Business

A cautionary tale of the sale of a family business

Brands and the family business...Cadbury's Creme Egg
Brands and the family business…Cadbury’s Creme Egg

Here’s a tale about what can happen to a well-loved family business brand when it sells out to a big multinational. It involves the UK confectionery brand Cadbury, which for most of its more than 150 years in business was owned by the Cadbury family. That all changed in 2010 when the company was sold to the US food group Kraft, now known as Mondelez International.

Recently, it was disclosed by the UK-based Sunday Times that Cadbury, which makes popular chocolate brands like Creme Eggs and the Fruit & Nut bar, has paid no corporation tax in 2014 on is £140 million in profits that year. Mondelez took advantage of all perfectly legal structures to enable it to avoid paying the taxes.

In a statement, Mondelez said: “We comply with UK tax law and, as with all global businesses, pay tax based on the laws of the country we operate in. We have invested over £200 million into the future of our UK business over the past five years and we contribute £1.06 billion to the UK economy.”

But that hasn’t stopped some people expressing their annoyance over the issue.

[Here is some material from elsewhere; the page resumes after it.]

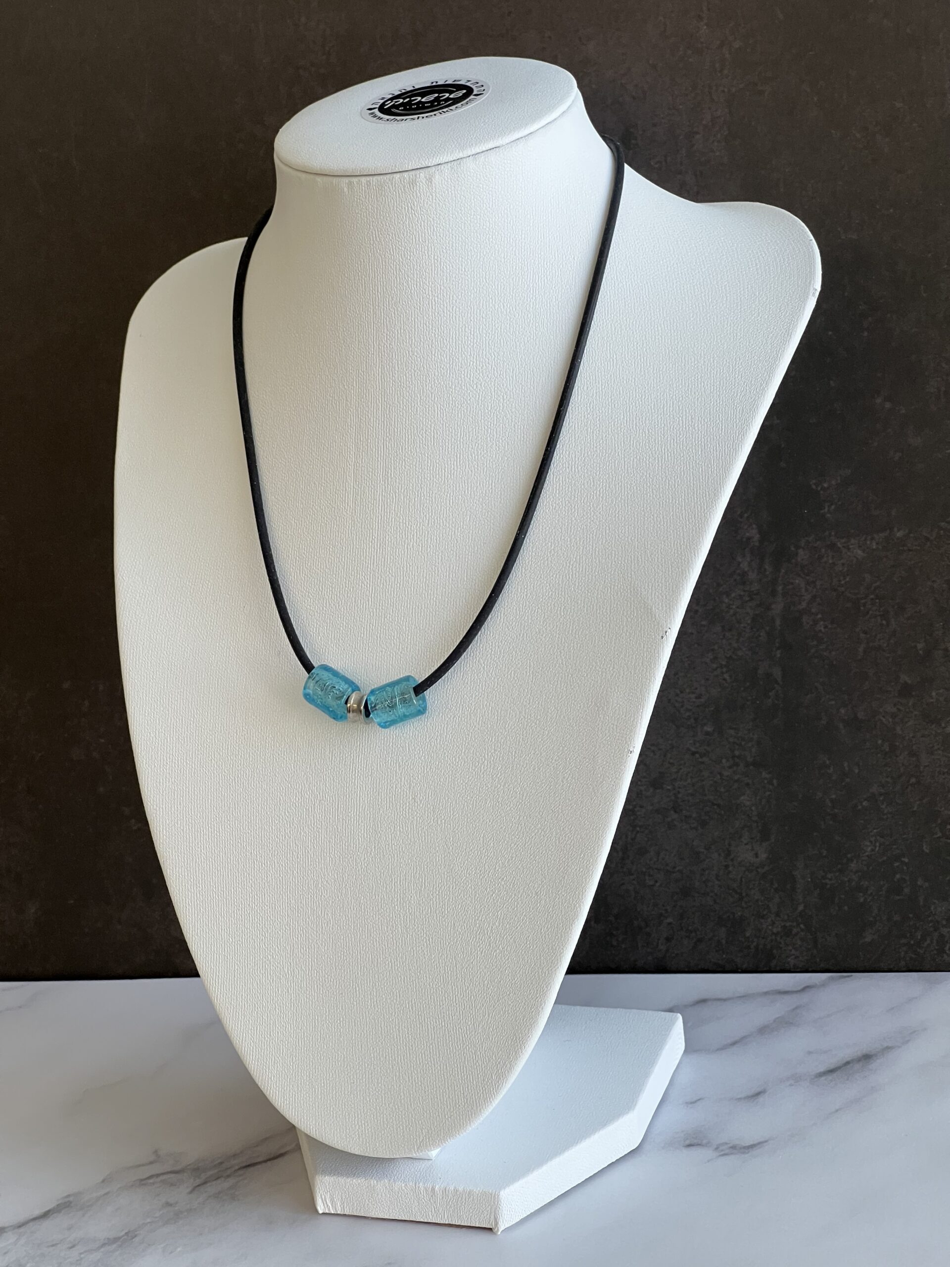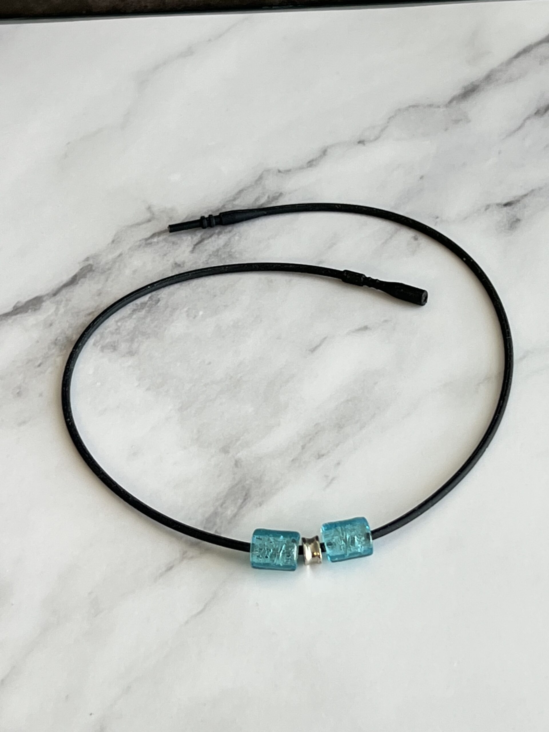 שרשרת עשויה חוט גומי שחור קלה לפתיחה וסגירה עם חרוזי זכוכית בגוון תכלת.
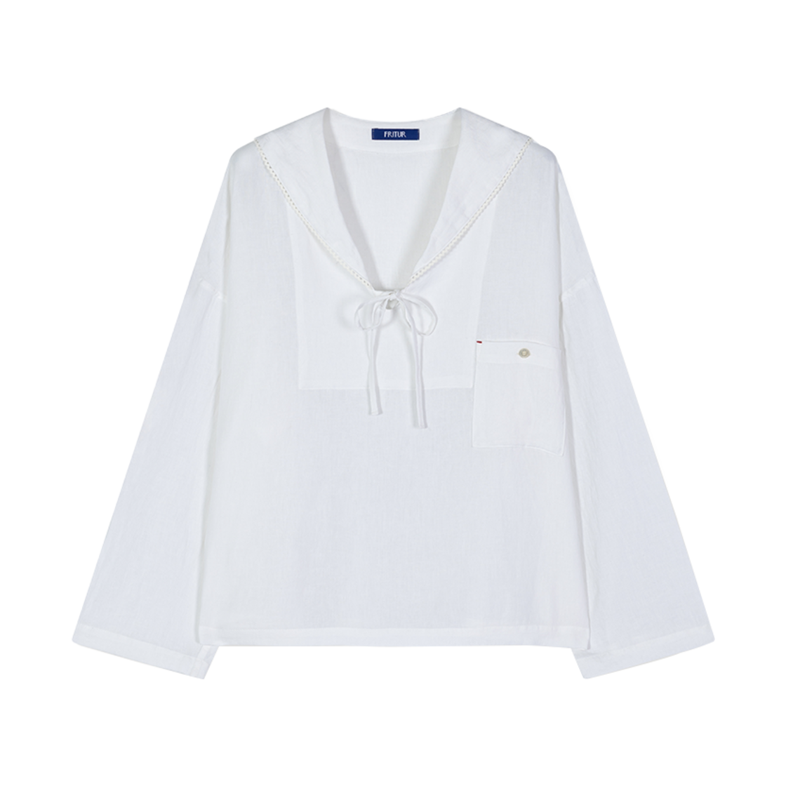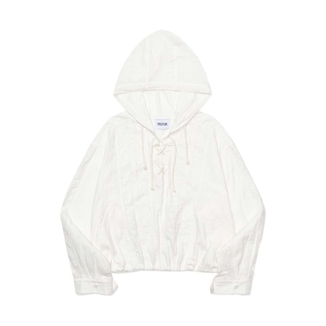 프리터 크로셰 레이스 후디 셔츠 화이트

UK politician Margaret Hodge, who chairs a government group on responsible tax, told the Sunday Times the Quakers who founded Cadbury in Birmingham in 1824 would be “turning in their graves”.

She’s probably not too far off the mark with this sentiment. Sir Adrian Cadbury, one of the last family members involved with the business, said after the sale to Kraft: “A bidder can buy a business….What they cannot acquire is legitimacy over the character, values, experience and traditions on which that business was founded and flourished.”

Mondelez actions are a case of a company maximizing its shareholder value and this is what companies do – no disagreement with that. Nevertheless, once the sole begins to leave a business it is extremely difficult to get it back and the company will eventually wither along with its brands.

That is why Mondelez might be wise to take note of some of the wider stakeholder views on Cadbury if they aren’t one day to see the value of Cadbury for their shareholders diminish to something insignificant.